Overall, human populations have proven to be ancestrally extremely diverse, especially in Latin America. For example, scientists categorized different AIMs (ancestry-informative markers, which are certain genes that are typically specific to certain ethnic groups) in Central American populations (excluding Mexico) in order to identify the differing genetic influences of the parental populations. The variety was made extremely clear: St. Vincent and Grenada, for instance, have an 81% African ancestry, while East Guatemala has only 7%. East Guatemala also has the highest Amerindian genetic makeup at 53%, while the remaining populations range from 0%-19%. This demonstrates that there is little consistency in the genetic makeup of admixed populations, so there is not much opportunity to use generalizations about ethnicity and race for medical reasons within these groups.[1]

 

Conclusion

Despite the presence of some disease-related patterns along ethnic lines, the variety of haplotypes and SNPs for different genes renders the concept of race inept as a categorization of people in the context of preventive medicine. This is especially true given the increasing presence of ethnically admixed populations worldwide. When trying to identify genetic predispositions towards certain diseases, identifying specific AIMs would serve as a more precise categorization of people, although the categories would still have to be extremely dynamic and varying in order to encompass the many genetic nuances of human populations.

It is important to keep in mind that genetics is only one of many factors in the identification of disease susceptibility. Asthma risk, for instance, is also impacted by socioeconomic status  because environmental factors are important in development of the disease. As scientists Olden and White put it, “genetics loads the gun, but the environment pulls the trigger.” Individuals in impoverished areas within a more highly developed region risk greater exposure to risk factors such as traffic, mold, detrimental dietary options, and cigarette smoke, while potentially not being able to access adequate healthcare; thus, there is an uneven distribution of life-threatening asthmatic cases along socioeconomic lines. [7]

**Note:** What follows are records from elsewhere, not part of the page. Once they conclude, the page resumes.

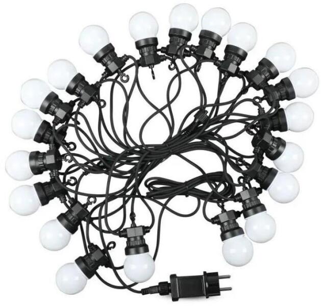 V-TAC Party LED fényfüzér, kültéri - opál gömb izzókkal (20 db izzó, 10 méter, 10 Watt) meleg fehér, sorolható ( 217439)
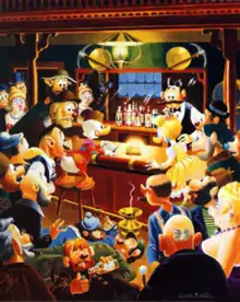 In its first printing, the story was cut from 32 to 27 pages, since the editors did not believe the bar fight and abduction scenes were appropriate for a Disney comic.[6] Barks later recalled, "I think they figured I should have had sense enough to know you couldn't get involved in fights in a barroom. It was quite a while afterwards before I found out why they cut it. I got a letter from the office, or was told on my next visit to the office, that I had violated a lot of their taboos and should have had sense enough to know it wouldn't work." Another of Western's concerns was that Scrooge kidnapped Goldie and made her work on his claim for a month, and that sequence was also cut from the published story.[7]
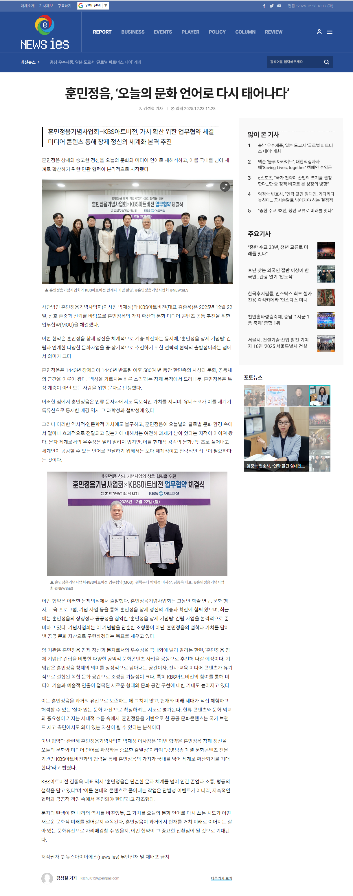 [아태경제저널] 훈민정음기념사업회-KBS아트비전, 문화.미디어 콘텐츠 공동 추진
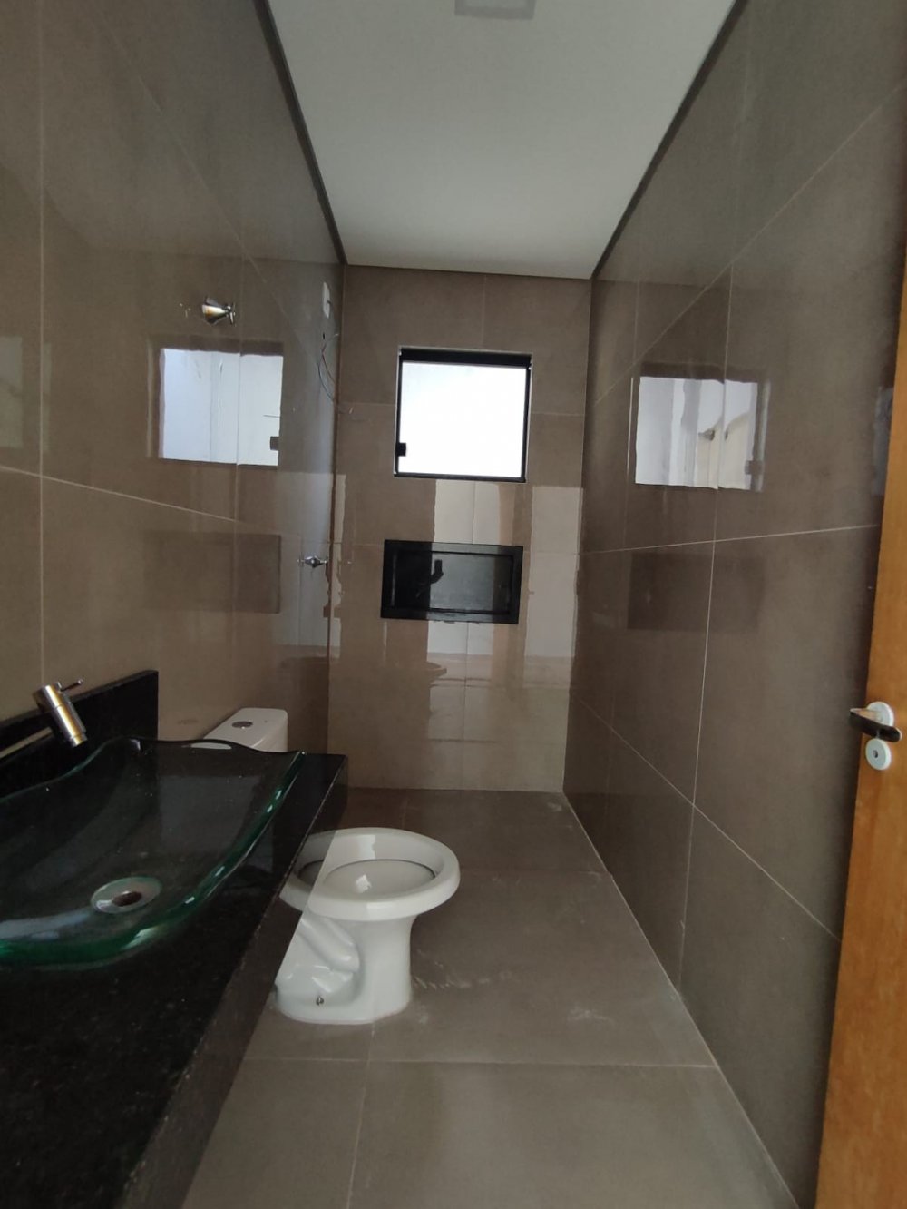 1 Banho social piso e revestimento em porcelanato, Bancada de granito, teto rebaixado, Nicho.

Genetics is only one of many factors in… disease susceptibility

Taking all of this into consideration when evaluating disease susceptibility individualized disease treatment is important.

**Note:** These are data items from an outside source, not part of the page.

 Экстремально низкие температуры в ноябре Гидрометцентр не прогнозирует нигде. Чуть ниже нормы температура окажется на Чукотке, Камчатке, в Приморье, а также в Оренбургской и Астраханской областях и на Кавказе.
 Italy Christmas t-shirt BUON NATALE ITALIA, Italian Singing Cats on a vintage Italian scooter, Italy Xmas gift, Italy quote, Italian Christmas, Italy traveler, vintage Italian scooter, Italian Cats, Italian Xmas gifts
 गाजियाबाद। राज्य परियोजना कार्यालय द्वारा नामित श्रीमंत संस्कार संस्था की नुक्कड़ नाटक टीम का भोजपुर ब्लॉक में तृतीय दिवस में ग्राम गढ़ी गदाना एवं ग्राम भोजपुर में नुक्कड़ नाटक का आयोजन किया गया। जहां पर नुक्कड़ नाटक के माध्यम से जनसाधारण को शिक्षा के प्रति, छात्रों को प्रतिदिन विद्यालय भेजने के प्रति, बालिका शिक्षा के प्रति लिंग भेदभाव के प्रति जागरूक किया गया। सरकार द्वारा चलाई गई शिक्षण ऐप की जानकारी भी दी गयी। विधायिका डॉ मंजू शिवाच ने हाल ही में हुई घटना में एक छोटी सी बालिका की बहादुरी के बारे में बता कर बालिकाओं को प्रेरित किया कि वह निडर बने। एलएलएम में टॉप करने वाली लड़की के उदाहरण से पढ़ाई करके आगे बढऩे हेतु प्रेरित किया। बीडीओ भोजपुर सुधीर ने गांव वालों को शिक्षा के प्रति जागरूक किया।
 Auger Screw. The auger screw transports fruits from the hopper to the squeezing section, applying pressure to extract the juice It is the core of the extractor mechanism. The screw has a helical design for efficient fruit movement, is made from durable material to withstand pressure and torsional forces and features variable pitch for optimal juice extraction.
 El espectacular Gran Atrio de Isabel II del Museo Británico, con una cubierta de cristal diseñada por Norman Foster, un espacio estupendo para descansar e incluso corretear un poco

There is also a further societal implication in the flaws of race as a construct. Race, especially in the US, serves as the basis for countless prejudices and conflicts; when this basis is rendered invalid, where does it leave us?

 

Related Links

  1. Salzano, Francisco, and Mónica Sans. “Interethnic Admixture and the Evolution of Latin American Populations.” Genetics and Molecular Biology, 2013, www.ncbi.nlm.nih.gov/pmc/articles/PMC3983580/#b13-gmb-37-151.
  2. Robinson, Mary Ann. “Linkage Disequilibrium - an Overview | ScienceDirect Topics.” Encyclopedia of Immunology (Second Edition), 1998, www.sciencedirect.com/topics/neuroscience/linkage-disequilibrium.
  3. Brody, Lawrence. “LOD Score.” Genome.Gov, www.genome.gov/genetics-glossary/LOD-Score.
  4. Shriner, Daniel. “Overview of Admixture Mapping.” Current Protocols in Human Genetics, 2013, currentprotocols.onlinelibrary.wiley.com/doi/abs/10.1002/0471142905.hg0123s76.
  5. Reich, David, et al. “Admixture Mapping of an Allele Affecting Interleukin 6 Soluble Receptor and Interleukin 6 Levels.” The American Journal of Human Genetics, 2007, www.cell.com/ajhg/fulltext/S0002-9297(07)61112-4.
  6. Talbot, Jhimmy, et al. “Interethnic Diversity of NAT2 Polymorphisms in Brazilian Admixed Populations.” BMC Genetics, 2010, link.springer.com/article/10.1186/1471-2156-11-87.
  7. Mersha, Tesfaye. “Mapping Asthma-Associated Variants in Admixed Populations.” Frontiers Genetics, 2015, www.frontiersin.org/articles/10.3389/fgene.2015.00292/full#B128.